- Requirement
Look through the entries below for the line with "4、 添加濾鏡。找到并添加濾鏡【基本 3d" and the line with "Бис, фирма по", then give again exactly those two lines and all lines between them, minus the pictures.

- Task input
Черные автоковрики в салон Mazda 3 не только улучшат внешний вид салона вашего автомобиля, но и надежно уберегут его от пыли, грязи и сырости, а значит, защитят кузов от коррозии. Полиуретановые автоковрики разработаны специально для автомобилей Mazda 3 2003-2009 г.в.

* * *

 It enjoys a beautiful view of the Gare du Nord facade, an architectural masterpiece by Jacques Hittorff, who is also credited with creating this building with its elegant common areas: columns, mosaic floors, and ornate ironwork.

...

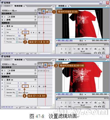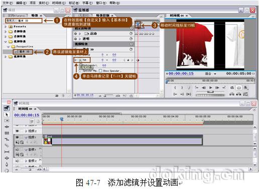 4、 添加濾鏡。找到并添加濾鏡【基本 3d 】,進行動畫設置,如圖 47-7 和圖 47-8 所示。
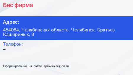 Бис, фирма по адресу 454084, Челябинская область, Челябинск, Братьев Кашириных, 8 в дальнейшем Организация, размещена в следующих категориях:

- Solution to this problem
 4、 添加濾鏡。找到并添加濾鏡【基本 3d 】,進行動畫設置,如圖 47-7 和圖 47-8 所示。
 Бис, фирма по адресу 454084, Челябинская область, Челябинск, Братьев Кашириных, 8 в дальнейшем Организация, размещена в следующих категориях:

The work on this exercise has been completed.